Ich glaub bei 2-3meter maximaler Wassertiefe macht schleppen wenig sinn. ich glaub, dass man ständig am Grund hängen bleibt. zumindest krautfeld darf da keins mehr sein.


----------



## Dorsch_Freak (10. Juli 2007)

*AW: Schleppen vom Schlauchboot*

ich schleppe auf denem yam 330F auf hornhechte mit sbiroline und fischfetzen, geht einwaandfrei. hab 2 rutenhalte am motorspiegel, auf jeder seite einen. auswerfen, bügel zu und in rutenhalter, bremse so weit aufdrehn, dass bei fahrt gerade eben KEINE schnur gezogen wird. dann einfach gang rein und gasgeben, bisse erkennste dann auch wenne aufs fahren achtest, weil ja die bremse losknarrt. ich nehm für die hornis auch immer ne wanne, ist mir zu gefährlich wie die rumtoben. meine finger mussten auch des öfteren dran glauben.
zum landen von hechten würde ich aber fischgreifer empfehlen, siehe angelwoche

gruß marcel


----------



## Ulli3D (10. Juli 2007)

*AW: Schleppen vom Schlauchboot*

Gerade in flachen Gewässern wie den holländischen Poldern mit Tiefen zwischen 80 cm und 1,50 m ist das Speedtrolling wirklich erfolgreich und im Sommer die einzige Methode, die sichere Fänge garantiert. Die Kunst dabei ist, tieflaufende Wobbler zu nehmen und die an wirklich kurzer Leine in Schraubenwasser zu führen. Ich kann allerdings noch nichts dazu sagen, ob das auch mit E-Motoren funktioniert, aber das werde ich in diesem Jahr ausprobieren. Mit Außenbordern funzt es auf jeden Fall hervorragend.

Besonders bewährt hat sich der Rapala Super Shad Rap, da der bei Geschwindigkeiten von 5 - 6 km/h anfängt nicht mehr gut zu laufen, er taucht dann wieder auf und man hat sofort auch einen Geschwindigkeitsmesser, wenn man kein GPS dabei hat. Die blauen Jungs von der niederländischen Polizei machen nämlich auch Lasermessungen auf dem Wasser und im Regelfall sind die Geschwindigkeiten in den Poldern auf 6 km/h begrenzt.


----------



## Stealth2 (10. Juli 2007)

*AW: Schleppen vom Schlauchboot*

Genau das mit dem Speedtrolling hatte ich auch schon erfahren.

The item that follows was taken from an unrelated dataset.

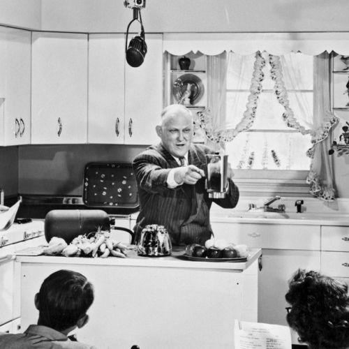 上世纪40年代,一位销售人员正在电视购物节目上推销料理机
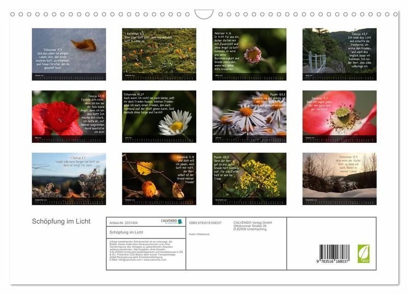 QUALITÄT - Hochwertiger Fotokalender mit 12 wunderschönen Motiven auf lichtbeständigem Bilderdruckpapier, robuste Spiralbindung mit Aufhängebügel.NACHHALTIG - deutliche Abfallreduzierung durch bedarfsgerechte Einzelstückfertigung, umweltfreundliches FSC-zertifiziertes Papier, Produktion in Deutschland, klimabewusste Logistik.PERFEKTES GESCHENK - Kalender für Freunde und Familie, für Kinder und Erwachsene, jung und alt, zu Weihnachten, Geburtstag oder zwischendurch.VIELFALT - Bildkalender in verschiedenen Formaten, z.B. DIN A5, DIN A4, DIN A3 sowie DIN A2. Ob Naturmotiv, Gemälde oder Fotos, ideal für ein persönliches Wohlfühlambiente.Gottes Schöpfung mit Bibelsprüchen von Autor(in): Katrin Schaarschmidt

Allerdings mit Wobblern die eben nich so tief laufen. max 1,5m und eben so 2-3m hinter dem Boot im Schraubenwasser.

Haben auch einen Aussenborder und das Böötchen läuft echt gut damit.

Ich kann mir das mit dem Speedtrolling zwar nicht so wirklich vorstellen aber es soll wohl gut klappen und vorallem soll man die Hechtattacken meist sogar sehen können und es soll teilweise echt brutal aussehen ;-).

Habe leider nur 3 Wobbler bis jetzt die größer als 5cm sind :-(. Kann man wohl auch mit nem gößeren Gufi oder Blinker/TandemSpinner schleppen?


----------